I have become unstuck
on this back road
of nostalgia.

Time keeps slipping
in the words of the
song, the turns keep
coming.

I'm more adept at navigation
than I used to be.  I speak
a little more clearly.

Finding today that phrases
like "if I had it to do over"
actually do little good.

Rolling on ahead
the next mile.

_________________

TIRADE

You diet
on dirty words, spitting
them out in haphazard
combination.
I used to speak without
dignity, but listening
to this conversation
makes me want to
consider the work
of my tongue carefully.
A word can be a cornerstone
or a chopping block,
avoiding those who seem
to misuse each word they
are given, transmogrifying
beautiful gifts into
malignant tools.




 

EX NIHILO

There may be freedom
in nothing.  Not the kind
of nothing applied
in hate.  Positional
nothing.  I'm talking
about the simple recognition
of equality.
There is nothing supernatural
about other people.
So why beat my wings in
a dance of flight
simply to attract or impress?
Just be, the inner self says,
Just be.

__________________

RAMBLE

By noon we were in
new places, just stopping
to fill the tank.
Freewheeling, we took
a familiar road to a less
familiar one.  The only hitch
was a badly planned intersection
but we made it through.
The long way around is
sometimes the best way
in the company of someone
intelligent and beautiful.
Now look at this lovely
pastoral scene we had no idea
we would find wherever we are.






APOLOGIES FOR AWESOME

In the old days, folks said
Awful.  As in full of awe,
and it was a compliment.
As in: What an awful church
service, what an awful dress.
But we changed the word
gradually by circumstance.
Ambulance rides, arguments,
and surgeries became awful.
Rotten spoiled kids became
awful.  So now we only retain
some of that awe, which has
been greatly overused to the
point of sarcasm.  How are you?
Awesome.  Do you mean it?
I cannot tell anymore.

_________________

SWISH

The horse bore
down on my small figure
threatening to trample
but stopped.  Swishing
his tail, he expressed his
disgust for my unwillingness
to move when he turned
to the side, showing me his
muscular flanks.
I get the same response
in conversation.
Another creature barrels down,
nostrils opening and closing
like part of a plane, only
to discover my stance.
Disgust, a shaking of the mane.
A swish of the tail.






STRING BEAN

Don't let me down,
string bean of a man.
Of course I am
putting too much pressure
on you.  No one
is exactly who they say
they are.  Or.  Do they say
who they are and we miss
it?  Probably splitting hairs.
When I was young, I
wanted to match my voice
to the actor on stage. 
Unsure of reality, I drew on
the plots I found in popular
film and books.  Now a little
older, I'm striving for honesty,
a desire to fill out the sketch,
to round out the person.

_____________________

Today’s LittleNip:

PENCIL
—JD DeHart

I used to throw drafts
away when they displeased me.
Only writing in pencil,
never ink.  Too shy to share,
unwilling to keep
the imperfections I found in
my attempts.
The trash was lined up with
my thoughts, marching like
armies of ants to the landfill.
I hit ‘save’ more often now
but that old temptation
is still there.  If it's not perfect...
now I say share it anyway,
embracing the ruffled edges
of my rough draft humanity.

_________________

—Medusa, with thanks to JD DeHart for today’s fine poetry! These anonymous photos today are of California’s unique kelp forests. For more info about them, go to www.loe.org/shows/segments.html?programID=14-P13-00045&segmentID=5/. For a virtual dive, go to www.calacademy.org/educators/take-a-virtual-dive-in-a-kelp-forest/.
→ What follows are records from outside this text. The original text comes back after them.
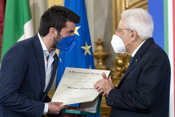 Il Presidente Sergio Mattarella consegna l'onorificenza OMRI “motu proprio” a Stefano Caccavari
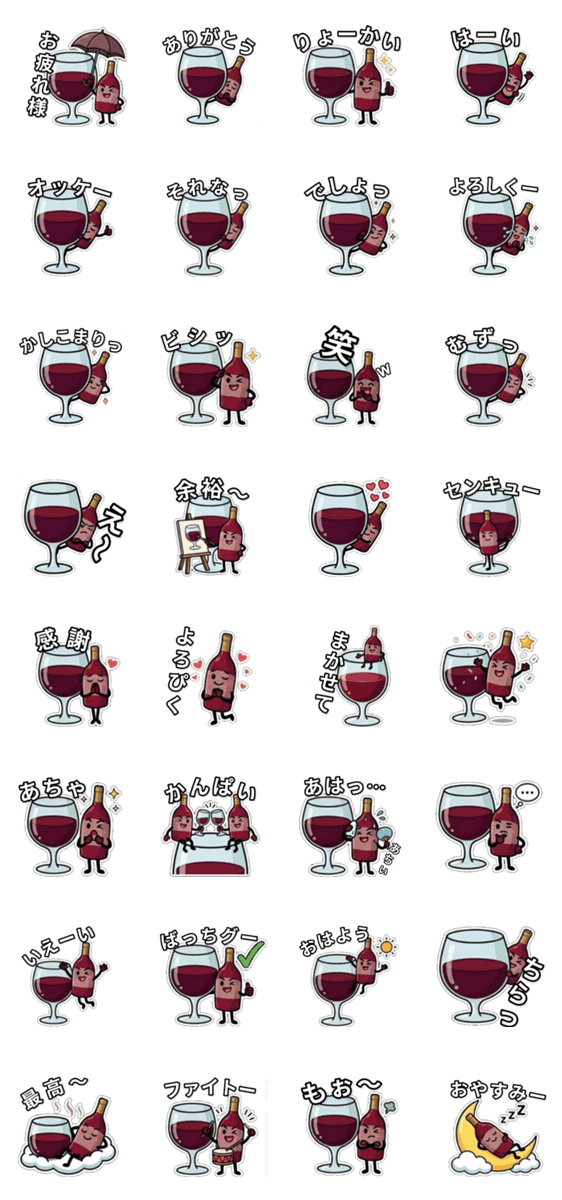 | スタンプ説明 | ゆるくてちょっと大人な「いきなりワイン」の日常スタンプ。 毎日使える言葉を、ワインと一緒にお届けします |
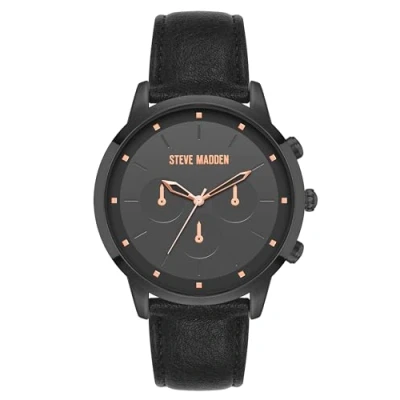 Mineral crystal lens Matte gunmetal grey dial with non-functional subdials; debossed markers and rose gold-tone hands Black faux leather strap with buckle closure Not water resistant

 Celebrate poetry! And tonight you have a choice of going to 
Placerville’s EDC Library to hear Calif. Poet Laureate 
Dana Gioia read with El Dorado County PL Taylor Graham 
and EDC Poetry Out Loud Champion Zoey Eddy, 5:30pm, 
or to Davis to hear Mo Stoycoff and Rhony Bhopla read at the 
Universalist Unitarian Church of Davis, 7:30pm. Scroll down 
to the blue column (under the green column at the right) 
for info about these and other upcoming poetry events in our 
area—and note that more may be added at the last minute.










Photos in this column can be enlarged by clicking on them once,
then click on the X in the top right corner to come back
to Medusa.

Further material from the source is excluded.